Getty Images red-faced over copyright tussle with photographer
If a picture paints a thousand words…
While Getty Images is rightly famed for its extensive library of stock pictures, it may be ruing the day it tried to bill a famous photographer for using her own images without seeking the company’s permission.
Carol Highsmith’s work has featured in some of America’s most prized books on history, landscapes and religion. She donated an eponymous photography collection to the Library of Congress and has work included in the top six collections from 15 million images in the Library’s Prints & Photographs archive.
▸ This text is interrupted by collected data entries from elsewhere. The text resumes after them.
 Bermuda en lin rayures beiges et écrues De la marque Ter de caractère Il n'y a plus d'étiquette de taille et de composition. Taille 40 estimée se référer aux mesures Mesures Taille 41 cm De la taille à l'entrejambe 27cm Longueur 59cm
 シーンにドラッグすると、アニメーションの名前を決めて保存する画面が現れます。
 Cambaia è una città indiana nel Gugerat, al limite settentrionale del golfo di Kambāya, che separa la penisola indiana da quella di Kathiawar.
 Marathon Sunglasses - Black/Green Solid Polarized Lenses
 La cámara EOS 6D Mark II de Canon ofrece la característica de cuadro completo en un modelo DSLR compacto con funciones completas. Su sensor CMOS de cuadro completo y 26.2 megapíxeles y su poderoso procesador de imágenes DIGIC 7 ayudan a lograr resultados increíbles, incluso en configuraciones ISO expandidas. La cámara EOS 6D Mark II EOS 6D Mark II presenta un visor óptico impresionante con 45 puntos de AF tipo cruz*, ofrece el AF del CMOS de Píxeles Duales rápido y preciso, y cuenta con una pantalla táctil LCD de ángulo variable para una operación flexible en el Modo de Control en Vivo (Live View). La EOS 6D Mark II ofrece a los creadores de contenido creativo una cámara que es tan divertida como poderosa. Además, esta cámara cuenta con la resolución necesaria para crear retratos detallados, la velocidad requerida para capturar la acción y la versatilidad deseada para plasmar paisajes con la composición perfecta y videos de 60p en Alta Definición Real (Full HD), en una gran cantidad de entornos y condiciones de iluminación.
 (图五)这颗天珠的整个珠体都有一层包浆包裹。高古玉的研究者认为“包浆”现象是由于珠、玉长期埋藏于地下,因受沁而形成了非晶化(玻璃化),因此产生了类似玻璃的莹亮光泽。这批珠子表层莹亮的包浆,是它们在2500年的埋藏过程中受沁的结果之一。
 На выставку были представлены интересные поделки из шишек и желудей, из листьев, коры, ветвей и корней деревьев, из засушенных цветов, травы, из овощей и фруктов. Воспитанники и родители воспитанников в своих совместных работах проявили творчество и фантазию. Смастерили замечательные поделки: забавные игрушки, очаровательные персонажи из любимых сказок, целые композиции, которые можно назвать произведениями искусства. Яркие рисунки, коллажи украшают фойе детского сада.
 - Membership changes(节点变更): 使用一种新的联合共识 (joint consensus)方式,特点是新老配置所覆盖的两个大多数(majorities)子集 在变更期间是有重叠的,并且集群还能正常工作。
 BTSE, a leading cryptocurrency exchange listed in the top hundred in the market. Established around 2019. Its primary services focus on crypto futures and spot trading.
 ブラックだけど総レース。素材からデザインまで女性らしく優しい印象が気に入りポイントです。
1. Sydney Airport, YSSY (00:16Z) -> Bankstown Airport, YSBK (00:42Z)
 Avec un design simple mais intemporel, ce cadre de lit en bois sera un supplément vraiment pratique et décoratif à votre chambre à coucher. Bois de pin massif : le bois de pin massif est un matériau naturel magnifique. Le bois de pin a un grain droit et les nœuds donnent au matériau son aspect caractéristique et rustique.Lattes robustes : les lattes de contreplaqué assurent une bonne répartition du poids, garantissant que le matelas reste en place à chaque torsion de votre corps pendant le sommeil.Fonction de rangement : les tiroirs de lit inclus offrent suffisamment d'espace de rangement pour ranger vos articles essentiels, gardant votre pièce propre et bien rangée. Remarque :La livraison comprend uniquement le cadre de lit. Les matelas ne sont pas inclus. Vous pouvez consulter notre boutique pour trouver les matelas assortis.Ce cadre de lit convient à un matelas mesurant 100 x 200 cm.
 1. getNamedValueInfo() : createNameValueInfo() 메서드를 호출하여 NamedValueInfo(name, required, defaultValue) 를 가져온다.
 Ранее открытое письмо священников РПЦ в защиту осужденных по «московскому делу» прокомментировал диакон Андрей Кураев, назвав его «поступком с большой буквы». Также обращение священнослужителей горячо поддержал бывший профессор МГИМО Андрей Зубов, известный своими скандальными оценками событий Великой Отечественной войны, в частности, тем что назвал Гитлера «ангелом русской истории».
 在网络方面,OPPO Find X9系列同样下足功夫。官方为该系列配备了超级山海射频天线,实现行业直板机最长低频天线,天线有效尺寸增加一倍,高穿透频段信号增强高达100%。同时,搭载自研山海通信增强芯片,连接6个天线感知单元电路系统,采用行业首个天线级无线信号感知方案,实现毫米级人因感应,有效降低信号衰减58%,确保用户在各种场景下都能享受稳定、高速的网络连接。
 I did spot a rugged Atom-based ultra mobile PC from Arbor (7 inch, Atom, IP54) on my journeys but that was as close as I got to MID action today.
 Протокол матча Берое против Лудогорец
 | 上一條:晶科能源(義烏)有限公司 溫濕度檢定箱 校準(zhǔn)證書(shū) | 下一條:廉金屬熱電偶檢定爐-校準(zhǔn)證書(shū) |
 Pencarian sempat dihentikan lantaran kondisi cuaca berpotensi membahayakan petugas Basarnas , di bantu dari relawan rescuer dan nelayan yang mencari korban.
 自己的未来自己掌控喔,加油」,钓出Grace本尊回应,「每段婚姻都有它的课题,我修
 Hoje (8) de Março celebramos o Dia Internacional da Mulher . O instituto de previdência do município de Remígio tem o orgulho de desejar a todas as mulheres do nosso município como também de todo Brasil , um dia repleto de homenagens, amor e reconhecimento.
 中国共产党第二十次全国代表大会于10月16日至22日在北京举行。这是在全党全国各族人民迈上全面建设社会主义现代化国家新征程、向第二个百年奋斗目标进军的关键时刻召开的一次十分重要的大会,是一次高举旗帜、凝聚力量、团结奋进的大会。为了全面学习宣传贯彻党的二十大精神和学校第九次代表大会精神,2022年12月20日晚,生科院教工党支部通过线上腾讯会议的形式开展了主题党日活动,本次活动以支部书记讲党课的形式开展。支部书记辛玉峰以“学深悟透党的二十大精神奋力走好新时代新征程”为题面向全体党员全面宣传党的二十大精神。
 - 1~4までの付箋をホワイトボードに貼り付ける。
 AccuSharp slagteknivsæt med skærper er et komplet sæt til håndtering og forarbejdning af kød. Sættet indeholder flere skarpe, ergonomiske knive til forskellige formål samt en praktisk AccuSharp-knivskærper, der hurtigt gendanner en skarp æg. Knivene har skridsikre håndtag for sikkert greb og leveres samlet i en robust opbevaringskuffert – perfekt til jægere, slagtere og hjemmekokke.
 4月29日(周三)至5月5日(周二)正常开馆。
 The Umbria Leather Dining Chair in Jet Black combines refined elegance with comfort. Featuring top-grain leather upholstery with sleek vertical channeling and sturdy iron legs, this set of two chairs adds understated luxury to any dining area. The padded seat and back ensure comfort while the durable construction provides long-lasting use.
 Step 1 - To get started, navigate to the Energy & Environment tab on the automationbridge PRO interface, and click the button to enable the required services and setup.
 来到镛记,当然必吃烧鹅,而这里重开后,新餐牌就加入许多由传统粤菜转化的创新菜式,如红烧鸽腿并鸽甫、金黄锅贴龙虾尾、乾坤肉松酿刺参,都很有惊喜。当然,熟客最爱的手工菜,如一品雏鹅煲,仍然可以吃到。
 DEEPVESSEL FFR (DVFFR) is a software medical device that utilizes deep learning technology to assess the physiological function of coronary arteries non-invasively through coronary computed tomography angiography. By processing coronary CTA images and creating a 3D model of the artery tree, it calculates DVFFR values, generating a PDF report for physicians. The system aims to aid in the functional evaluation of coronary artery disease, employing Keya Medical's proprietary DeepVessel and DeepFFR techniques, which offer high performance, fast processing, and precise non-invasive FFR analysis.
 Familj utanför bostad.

Her work can also be found in national publications including Time, New York Times and The Washington Post Magazine.
Caught in the act
Highsmith may well have been surprised, then, to receive a letter from License Compliance Services (LCS), on behalf of Getty subsidiary Alamy Limited, alleging copyright infringement. LCS had apparently ‘scraped’ the image from Highsmith’s website and requested a payment of $120 if she wanted to continue to use the photograph.
It’s perhaps worth mentioning here that until Highsmith received the notification, she wasn’t aware that not only had the company had been charging others to use images that she had donated to the Library of Congress for free public use, but that Getty and Alamy had also been selling thousands of other Highsmith originals, many stamped with false watermarks.
Pushing back with a lawsuit
Perhaps unsurprisingly, Highsmith responded not with a cheque for $120 but with a $1 billion copyright lawsuit against Getty Images over the ‘gross misuse’ of more than 18,000 of her photographs. The suit alleges that Getty had ‘misappropriated Ms. Highsmith’s generous gift to the American people’ and were ‘unlawfully charging licensing fees’, at the same time
Getty has been uncharacteristically silent on the subject, though it did say it was reviewing the complaint which it believed was ‘based on a number of misconceptions’. Whether or not the company will maintain that charging for public domain content differs from asserting ownership of the copyright remains to be seen.
Putting a figure on damages
If Getty does lose the suit, it could be a costly error. While it’s difficult to estimate just how much Getty has benefited from the Highsmith collection, the photographer’s attorneys have already calculated damages of between $46 million and $470 million. In the wake of a similar case over an infringement of Haiti earthquake photos, Highsmith could also be in line for a payout of more than $1 billion. Now that would be worth framing!